# [Problem description]
Copy word for word, please, the lines of the entries below running from the one containing "Karabük Aile, Çalışma" to the one containing "в самых разных", both ends included.

# [Data supplied]
..............................

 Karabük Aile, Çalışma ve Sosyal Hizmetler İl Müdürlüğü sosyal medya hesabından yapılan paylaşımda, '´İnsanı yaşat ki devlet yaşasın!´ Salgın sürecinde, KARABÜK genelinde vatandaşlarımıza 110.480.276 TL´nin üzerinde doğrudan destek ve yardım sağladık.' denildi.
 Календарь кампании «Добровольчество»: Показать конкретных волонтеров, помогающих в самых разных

..............................

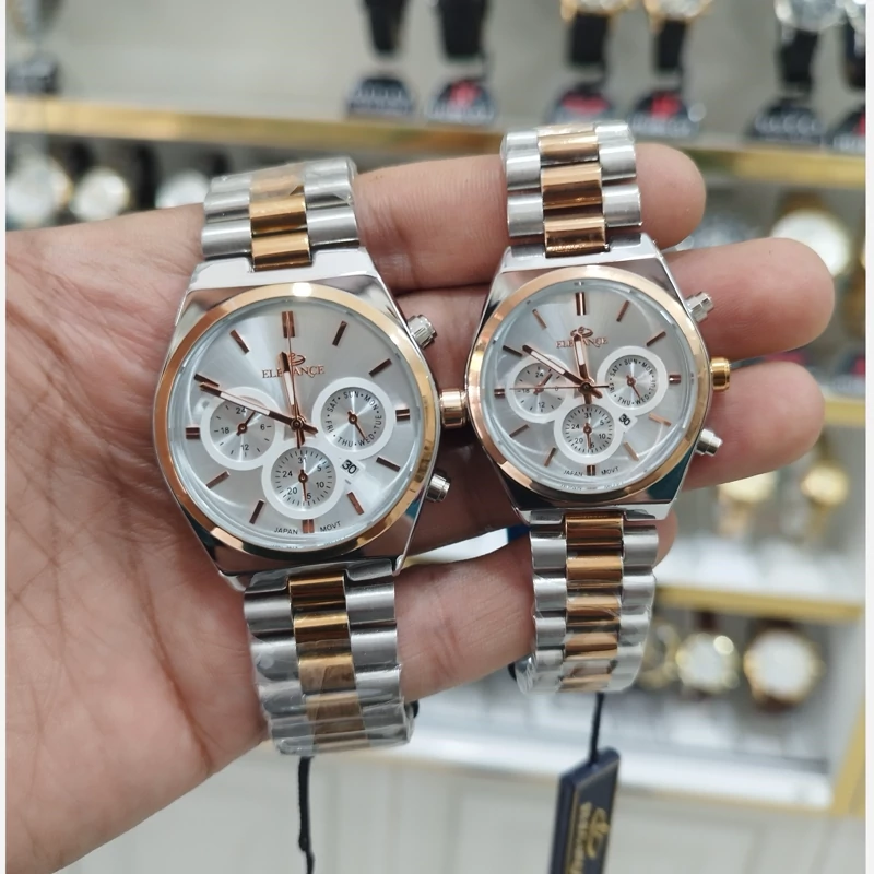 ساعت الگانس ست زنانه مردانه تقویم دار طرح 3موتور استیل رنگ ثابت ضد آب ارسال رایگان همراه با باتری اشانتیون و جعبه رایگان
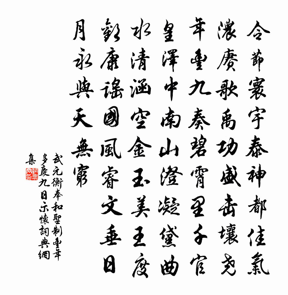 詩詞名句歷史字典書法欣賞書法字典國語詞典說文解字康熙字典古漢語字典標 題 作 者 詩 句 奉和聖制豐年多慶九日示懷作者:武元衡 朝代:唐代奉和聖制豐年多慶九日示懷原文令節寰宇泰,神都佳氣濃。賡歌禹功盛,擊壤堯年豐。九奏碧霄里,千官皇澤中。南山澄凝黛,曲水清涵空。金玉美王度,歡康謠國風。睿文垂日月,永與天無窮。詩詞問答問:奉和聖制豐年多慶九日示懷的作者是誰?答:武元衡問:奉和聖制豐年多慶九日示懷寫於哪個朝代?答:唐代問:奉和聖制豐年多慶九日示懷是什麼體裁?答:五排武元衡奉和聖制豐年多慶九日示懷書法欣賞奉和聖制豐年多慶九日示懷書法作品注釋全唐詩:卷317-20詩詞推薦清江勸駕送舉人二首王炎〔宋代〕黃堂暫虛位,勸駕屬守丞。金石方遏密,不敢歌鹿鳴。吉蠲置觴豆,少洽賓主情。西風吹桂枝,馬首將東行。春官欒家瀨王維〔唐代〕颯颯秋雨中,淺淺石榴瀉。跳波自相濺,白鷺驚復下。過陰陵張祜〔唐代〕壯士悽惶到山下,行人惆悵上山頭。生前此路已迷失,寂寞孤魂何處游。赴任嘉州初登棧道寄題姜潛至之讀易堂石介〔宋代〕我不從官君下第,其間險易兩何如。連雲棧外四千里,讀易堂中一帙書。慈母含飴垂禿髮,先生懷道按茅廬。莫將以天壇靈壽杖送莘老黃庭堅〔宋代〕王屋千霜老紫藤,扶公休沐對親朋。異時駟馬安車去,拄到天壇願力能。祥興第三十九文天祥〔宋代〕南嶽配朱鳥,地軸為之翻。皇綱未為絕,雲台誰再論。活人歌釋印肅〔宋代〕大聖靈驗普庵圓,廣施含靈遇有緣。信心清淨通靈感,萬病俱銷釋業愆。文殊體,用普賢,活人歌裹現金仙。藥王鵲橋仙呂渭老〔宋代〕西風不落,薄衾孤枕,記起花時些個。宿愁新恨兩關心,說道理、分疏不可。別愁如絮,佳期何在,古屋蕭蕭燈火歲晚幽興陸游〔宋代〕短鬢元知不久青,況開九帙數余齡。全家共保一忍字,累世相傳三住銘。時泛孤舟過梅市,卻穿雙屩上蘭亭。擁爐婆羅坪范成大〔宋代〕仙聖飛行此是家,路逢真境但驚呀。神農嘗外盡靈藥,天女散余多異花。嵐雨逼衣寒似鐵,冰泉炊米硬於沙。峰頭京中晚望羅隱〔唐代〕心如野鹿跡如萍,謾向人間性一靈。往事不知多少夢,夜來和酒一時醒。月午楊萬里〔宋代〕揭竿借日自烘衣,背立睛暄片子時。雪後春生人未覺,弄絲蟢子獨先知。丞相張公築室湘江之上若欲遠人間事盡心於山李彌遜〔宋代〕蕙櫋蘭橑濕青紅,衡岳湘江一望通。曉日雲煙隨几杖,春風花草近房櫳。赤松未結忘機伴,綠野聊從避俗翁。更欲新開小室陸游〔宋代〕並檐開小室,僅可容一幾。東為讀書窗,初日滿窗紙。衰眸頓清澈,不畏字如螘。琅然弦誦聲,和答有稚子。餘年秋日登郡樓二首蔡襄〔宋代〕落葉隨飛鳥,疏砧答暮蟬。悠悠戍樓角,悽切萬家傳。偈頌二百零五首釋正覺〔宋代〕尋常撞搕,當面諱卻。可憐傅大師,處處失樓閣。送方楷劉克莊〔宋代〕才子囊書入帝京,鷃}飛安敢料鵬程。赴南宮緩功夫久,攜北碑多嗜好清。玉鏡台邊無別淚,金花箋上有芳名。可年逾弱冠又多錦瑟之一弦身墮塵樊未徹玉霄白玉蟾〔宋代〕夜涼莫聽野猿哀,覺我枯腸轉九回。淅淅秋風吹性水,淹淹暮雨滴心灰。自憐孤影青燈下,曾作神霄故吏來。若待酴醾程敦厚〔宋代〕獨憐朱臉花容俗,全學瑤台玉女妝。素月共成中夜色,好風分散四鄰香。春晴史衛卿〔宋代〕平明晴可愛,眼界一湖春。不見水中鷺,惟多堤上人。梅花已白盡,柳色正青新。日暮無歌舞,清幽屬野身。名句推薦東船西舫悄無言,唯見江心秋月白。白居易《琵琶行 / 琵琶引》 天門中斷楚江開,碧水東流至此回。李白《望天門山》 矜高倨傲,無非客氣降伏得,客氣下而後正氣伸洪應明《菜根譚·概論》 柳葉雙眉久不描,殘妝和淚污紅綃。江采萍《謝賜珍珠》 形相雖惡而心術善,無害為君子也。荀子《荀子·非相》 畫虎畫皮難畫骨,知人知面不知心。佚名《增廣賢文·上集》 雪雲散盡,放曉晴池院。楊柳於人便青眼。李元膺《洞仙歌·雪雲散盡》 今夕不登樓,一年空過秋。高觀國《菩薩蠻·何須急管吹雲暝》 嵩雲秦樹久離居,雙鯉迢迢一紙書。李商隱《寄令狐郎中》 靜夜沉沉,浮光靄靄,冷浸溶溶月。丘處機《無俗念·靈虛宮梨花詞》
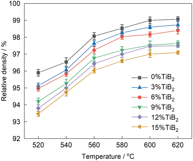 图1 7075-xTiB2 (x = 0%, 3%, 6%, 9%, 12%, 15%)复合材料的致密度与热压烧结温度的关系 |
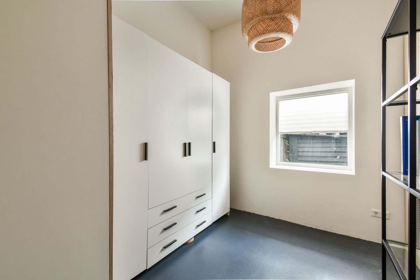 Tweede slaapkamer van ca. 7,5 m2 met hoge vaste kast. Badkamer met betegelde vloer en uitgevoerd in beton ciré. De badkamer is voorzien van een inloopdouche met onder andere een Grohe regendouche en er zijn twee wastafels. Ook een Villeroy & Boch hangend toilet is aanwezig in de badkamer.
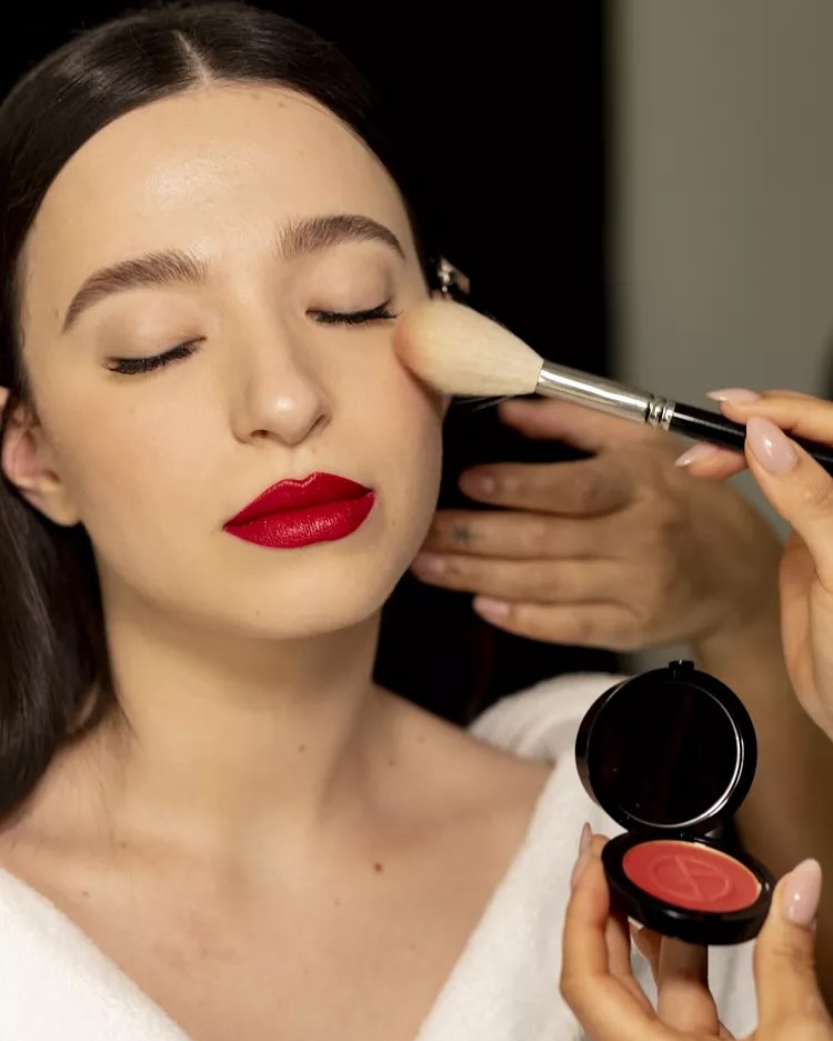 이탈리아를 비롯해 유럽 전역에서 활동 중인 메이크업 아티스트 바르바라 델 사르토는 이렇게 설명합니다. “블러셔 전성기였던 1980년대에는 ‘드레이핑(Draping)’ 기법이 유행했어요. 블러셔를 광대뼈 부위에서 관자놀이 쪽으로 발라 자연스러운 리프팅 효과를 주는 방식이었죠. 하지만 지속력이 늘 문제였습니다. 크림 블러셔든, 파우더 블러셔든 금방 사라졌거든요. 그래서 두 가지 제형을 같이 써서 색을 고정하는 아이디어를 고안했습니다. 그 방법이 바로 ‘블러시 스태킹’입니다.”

..............................

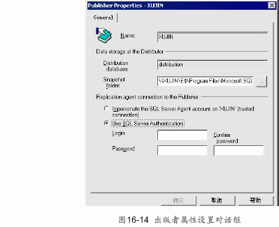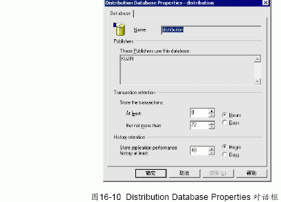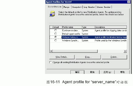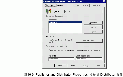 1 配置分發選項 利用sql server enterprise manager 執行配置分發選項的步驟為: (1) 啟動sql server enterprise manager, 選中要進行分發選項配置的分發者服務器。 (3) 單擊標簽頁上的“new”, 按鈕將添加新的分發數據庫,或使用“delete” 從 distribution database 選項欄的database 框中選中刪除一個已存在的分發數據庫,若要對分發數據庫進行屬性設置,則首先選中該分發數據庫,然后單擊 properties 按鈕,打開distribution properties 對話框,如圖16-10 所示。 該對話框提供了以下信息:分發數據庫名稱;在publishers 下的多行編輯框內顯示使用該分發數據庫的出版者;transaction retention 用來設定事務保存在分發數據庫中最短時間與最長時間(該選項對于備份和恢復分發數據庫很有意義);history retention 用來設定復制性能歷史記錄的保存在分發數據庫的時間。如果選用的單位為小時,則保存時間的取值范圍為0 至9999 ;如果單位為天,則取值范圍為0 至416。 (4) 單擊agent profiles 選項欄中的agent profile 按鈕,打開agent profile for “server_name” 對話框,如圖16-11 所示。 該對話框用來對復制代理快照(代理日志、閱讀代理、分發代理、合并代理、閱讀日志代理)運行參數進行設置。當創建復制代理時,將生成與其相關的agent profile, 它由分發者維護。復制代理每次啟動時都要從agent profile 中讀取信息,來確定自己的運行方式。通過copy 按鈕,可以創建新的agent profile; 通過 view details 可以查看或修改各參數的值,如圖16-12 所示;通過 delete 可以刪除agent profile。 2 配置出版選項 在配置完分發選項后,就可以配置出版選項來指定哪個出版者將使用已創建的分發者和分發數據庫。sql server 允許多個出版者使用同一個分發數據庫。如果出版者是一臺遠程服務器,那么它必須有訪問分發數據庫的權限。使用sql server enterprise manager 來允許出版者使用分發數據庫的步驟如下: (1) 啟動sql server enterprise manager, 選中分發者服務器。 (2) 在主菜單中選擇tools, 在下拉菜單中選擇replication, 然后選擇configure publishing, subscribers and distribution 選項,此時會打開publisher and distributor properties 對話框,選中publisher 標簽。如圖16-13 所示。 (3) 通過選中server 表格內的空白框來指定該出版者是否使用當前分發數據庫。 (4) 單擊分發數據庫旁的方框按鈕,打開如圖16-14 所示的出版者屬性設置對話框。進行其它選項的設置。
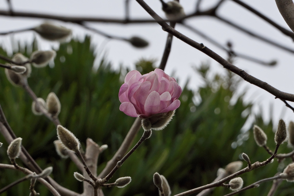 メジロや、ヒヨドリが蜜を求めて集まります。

..............................

# [Finished exercise]
 Karabük Aile, Çalışma ve Sosyal Hizmetler İl Müdürlüğü sosyal medya hesabından yapılan paylaşımda, '´İnsanı yaşat ki devlet yaşasın!´ Salgın sürecinde, KARABÜK genelinde vatandaşlarımıza 110.480.276 TL´nin üzerinde doğrudan destek ve yardım sağladık.' denildi.
 Календарь кампании «Добровольчество»: Показать конкретных волонтеров, помогающих в самых разных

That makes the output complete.